The dollar value of what’s being exchanged is of secondary importance, it’s the thought that counts. Really!

(However, before I go on, let me state categorically that I personally harbor no expectation of any kind. When I give, I am not giving in anticipation of receiving something back. I enjoy blessing people with gifts. It brings me much joy. I learned this from my mum. Her mantra: “Give till it hurts. Feed people with so much good food till they can’t eat anymore, then give them more food to bring home to share with others. Be generous! Don’t do things half way! Be nice all the way!)

Obligations, whether explicit or implicit, are the threads that weave individuals and communities together. They create a sense of responsibility and commitment, fostering trust and cooperation. Embracing obligations involves understanding that every action has a consequence, and every connection carries a certain level of commitment.

When someone made a deposit into your emotional bank account, and you have withdrawn from it, it is only right that you also make a deposit into that person’s emotional bank account, that is, you return the favor.

Of course, the world is divided into givers and takers. The fact of the matter is that takers acquire more, but givers sleep better. (Givers need to know how to set limits and boundaries, because many takers don’t know how to stop taking.)

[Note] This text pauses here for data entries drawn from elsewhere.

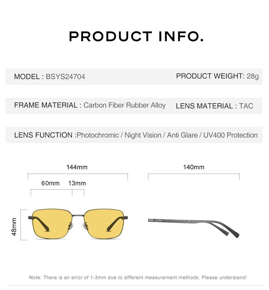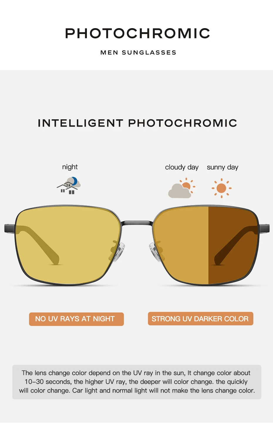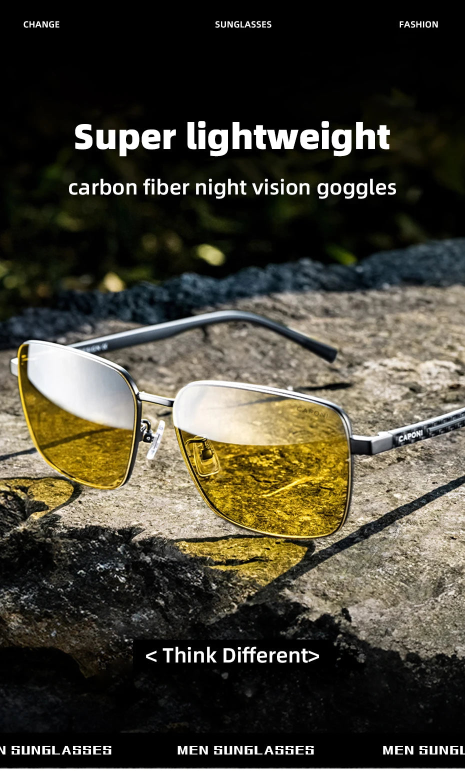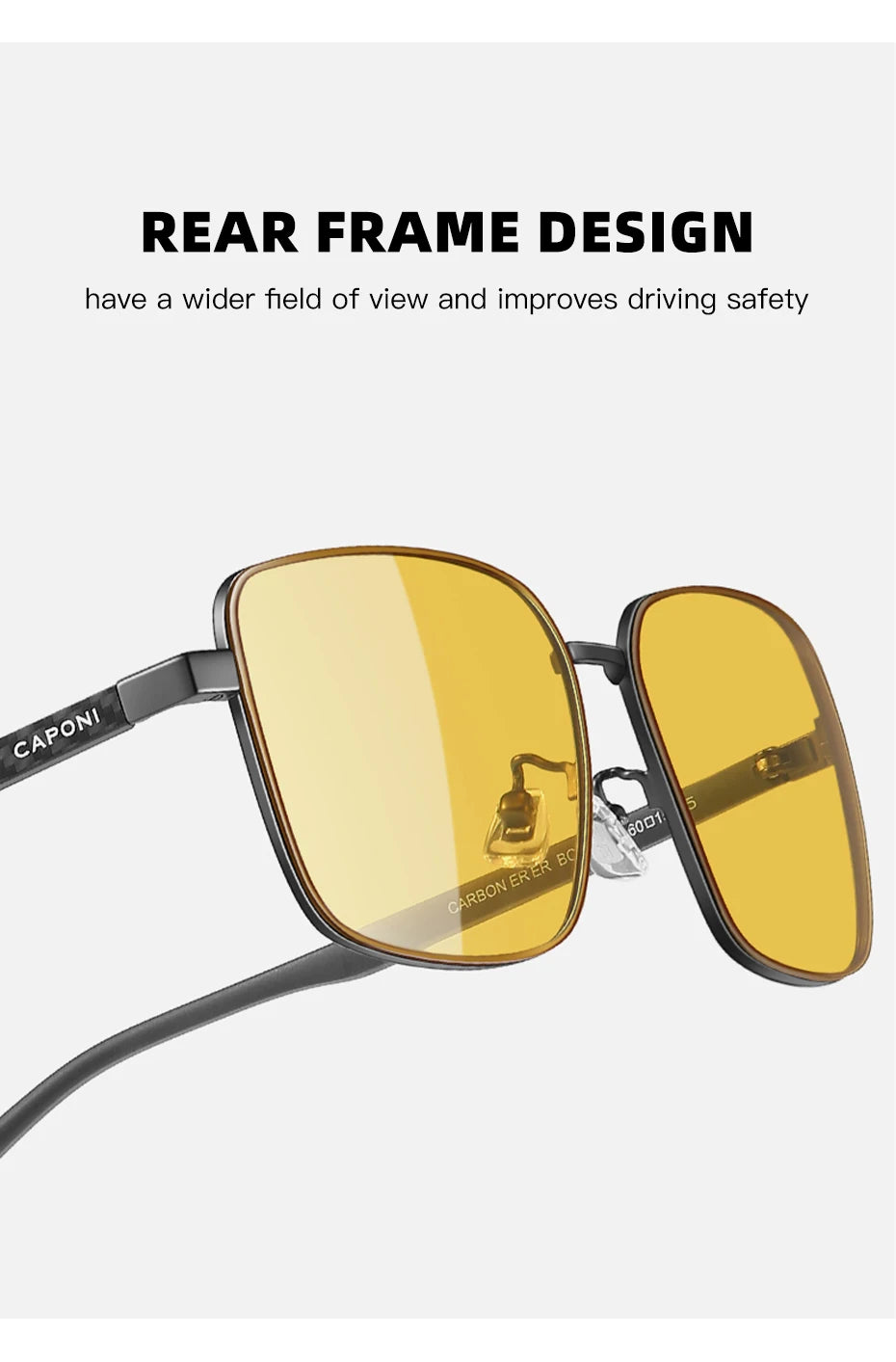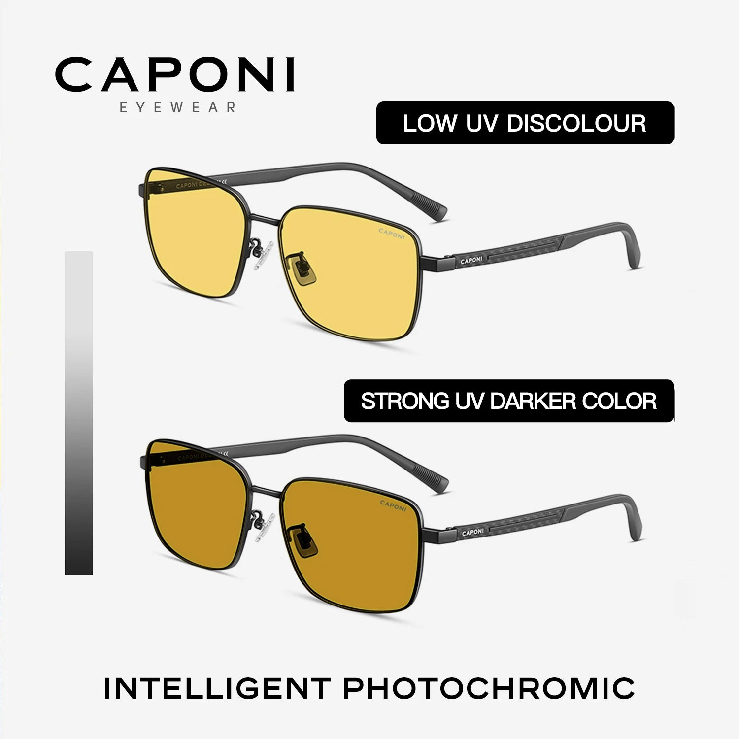CAPONI Night Vision Sunglass Men Outdoor Photochromic Square Shades Driving Sunglasses UV400 Protection Brand Designer BSYS24704
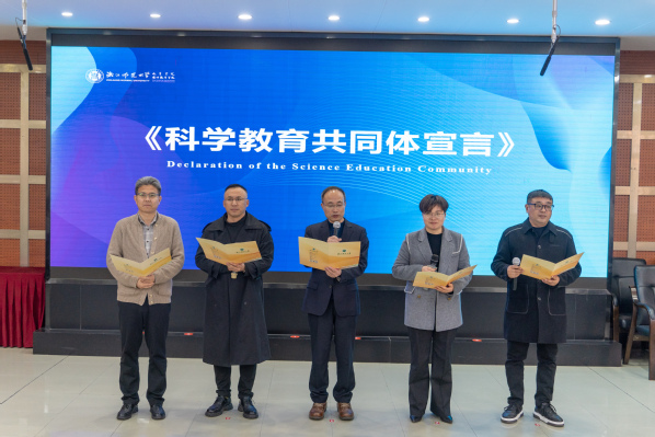 浙江省大中小学科学教育共同体代表共同宣读《科学教育共同体宣言》。浙师大融媒体中心 李丰成 摄
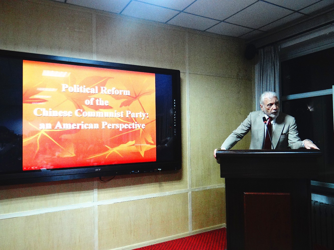 2016年11月18日晚,应教育部人文社科重点研究基地304永利集团官网入口当代社会主义研究所、304永利集团官网入口政管学院之邀,美国加州大学伯克利分校中国研究所资深教授罗德明博士(Pro.Lowell Dittmer)前来政管学院、当代社会主义研究所进行访问,并作了题目为《中国的改革发展》(《On the Reform of the Chinese Communist Party》)的学术讲座。讲座由304永利集团官网入口当代社会主义研究所所长崔桂田教授主持,中国人民大学马克思主义学院路克利老师担任翻译。讲座吸引了相关专业的50余名师生前来聆听。
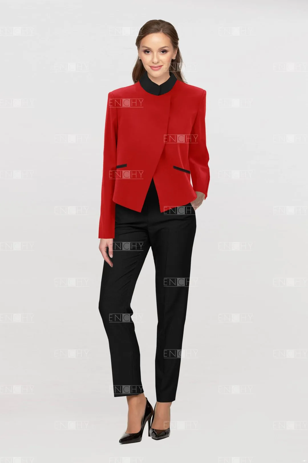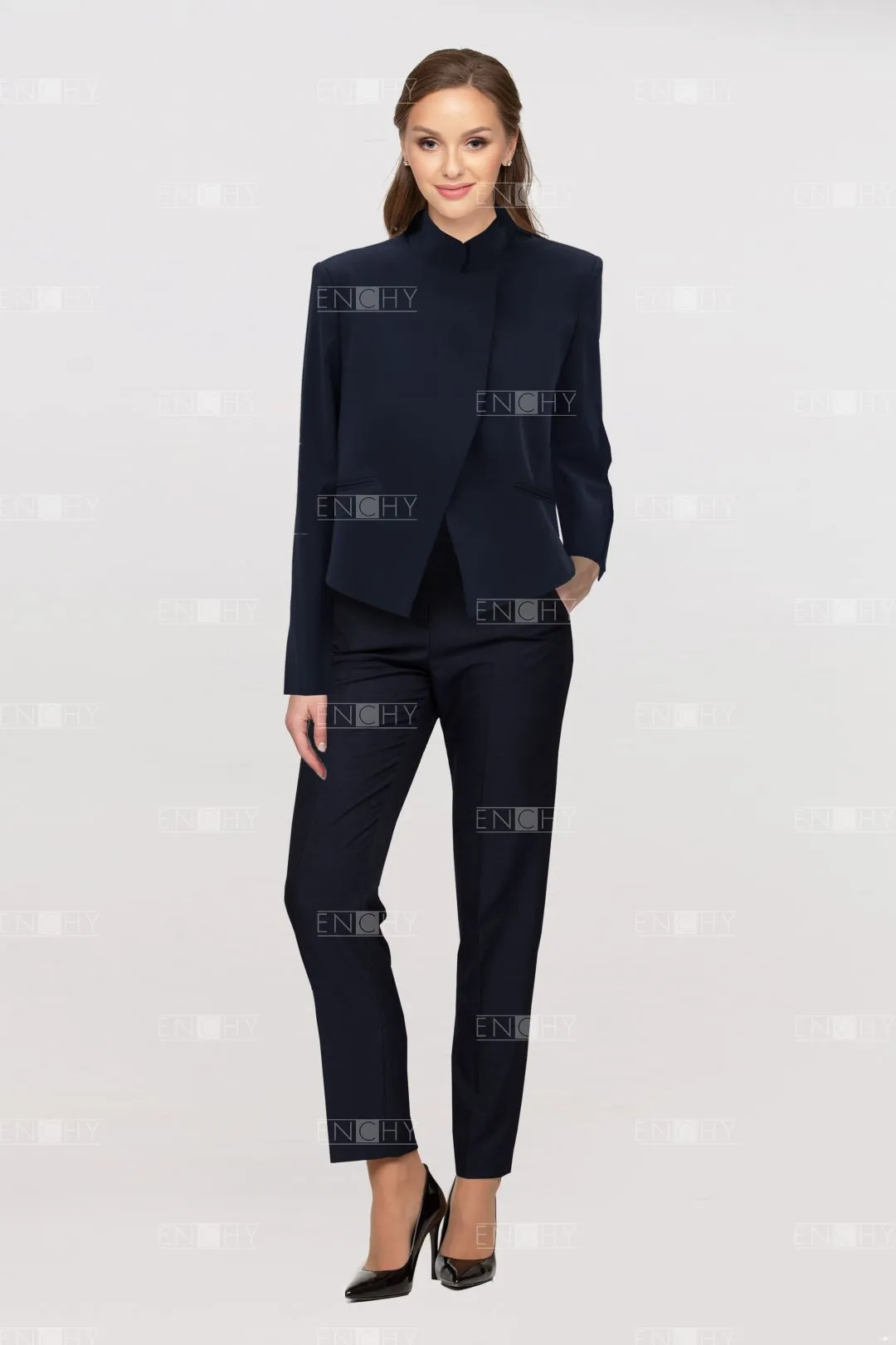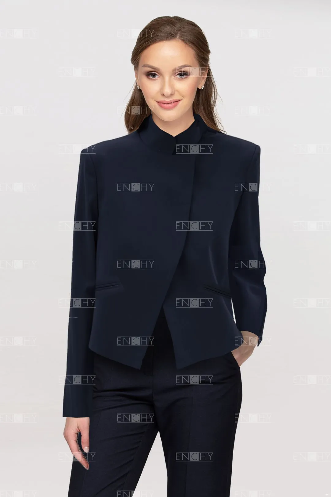 Необычный укороченный жакет с воротником стойкой и скошенным краем борта. Перед с боковыми прорезными карманами в рамку. Высокий воротник-стойка, прямой силуэт, потайная застежка на пуговицы. Такая модель жакета будет особенно стильно смотреться с брюками на высокой посадке.
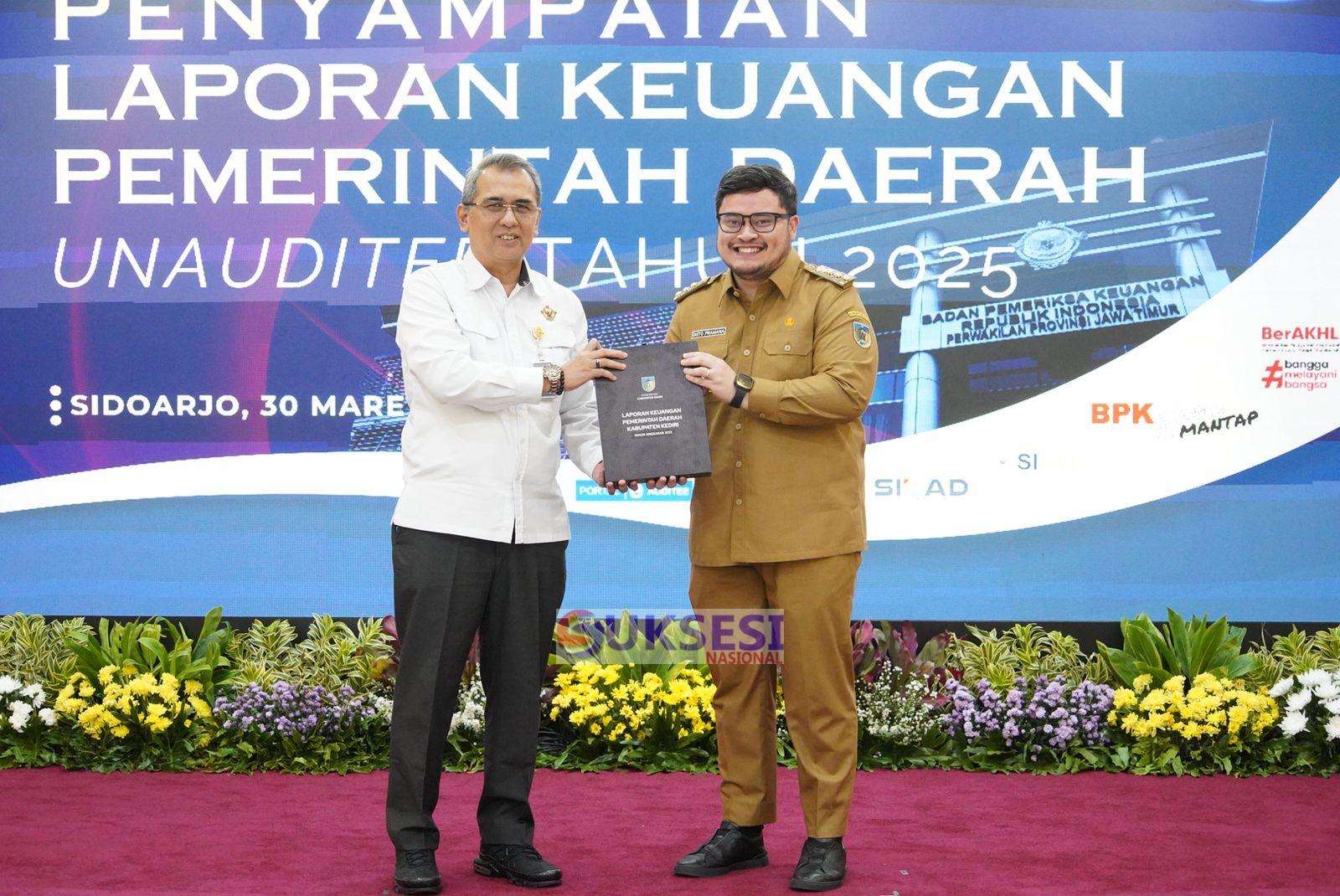 KEDIRI.Suksesi Nasional.com.Rabu,1-April-2026.Bupati Kediri Hanindhito Himawan Pramana menyerahkan Laporan Keuangan Pemerintah Daerah (LKPD) Kabupaten Kediri Unaudited Tahun Anggaran 2025 ke Kantor Badan Pemeriksa Keuangan (BPK) Perwakilan Jawa Timur, Senin (30/3).
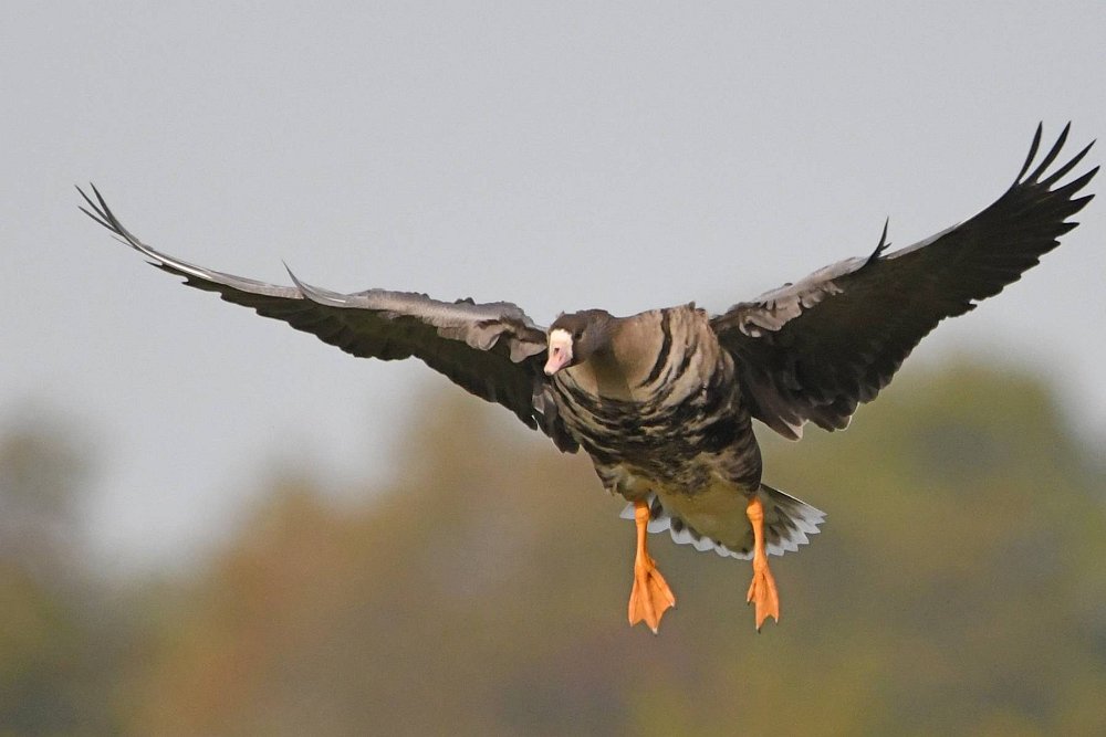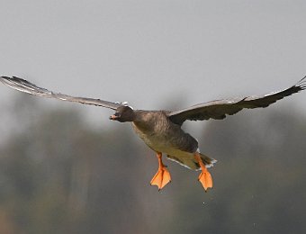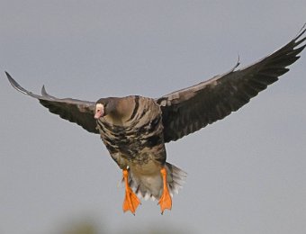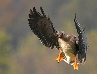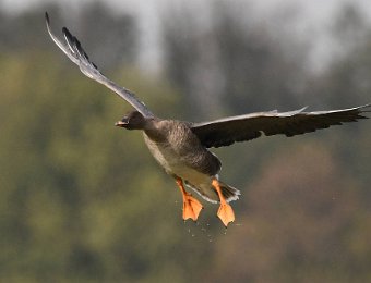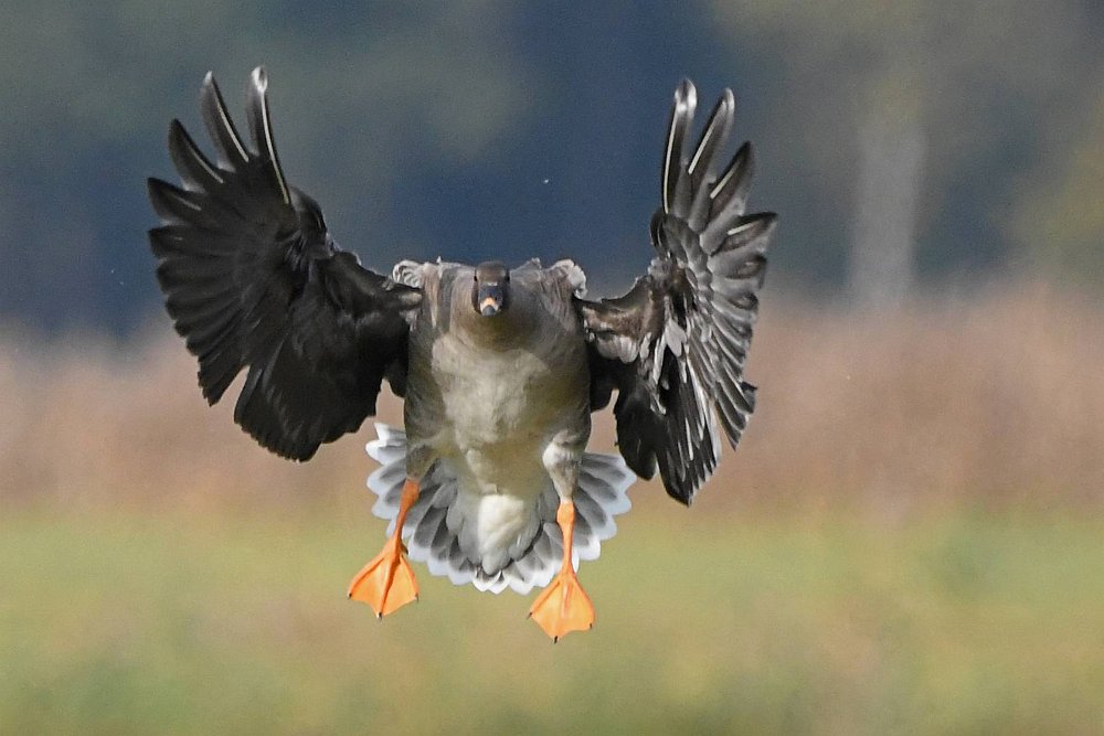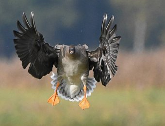 Riesige Ansammlungen von Wildgaensen landen auf einer Feuchtwiese bei Körzin. Es handelt sich um Graugaense, Saat- und Blessgaense. Ich hatte Glück. Die Sonne stand gut und die Gaense flogen direkt auf die Kamera zu. Der Landeanflug der Voegel sieht sehr lustig aus.

Obligations, often seen as duties or responsibilities, are intertwined with the give and take philosophy. Navigating obligations involves recognizing the significance of equitable giving and taking. Striking the right balance ensures that relationships remain sustainable and enriching. It’s not about keeping a scrupulous tally or account of favors, but rather, it’s about embracing a spirit of generosity and reciprocity. The keyword is “reciprocity” or what I refer to as the “law of reciprocal returns.”

By embracing the art of give and take and recognizing the significance of obligations, we create a tapestry of interconnectedness. Just as we receive support and assistance in times of need, we are also obliged to extend our hand when others require it. When you are blessed with more, you do not up your standard of living; instead you should up the amount of your giving. There is a saying: “To whom much has been given, much is expected.” The widow in the Bible gave only two mites (the tiniest denomination of the curency in use at that time) but they were all she had, she gave her all, and she was greatly blessed in return. Such cyclical exchanges form the cornerstone of a resilient society, where empathy, cooperation, and the willingness to share enrich the lives of all.

Indeed, in a world where relationships are the backbone of our experiences, mastering the balance between give and take while approaching obligations with sincerity can lead us towards a more fulfilling and compassionate existence.

The give and take of life is an intricate choreography of obligations. In this dance, each step taken and received becomes a harmonious melody that enriches our lives and strengthens the bonds we share.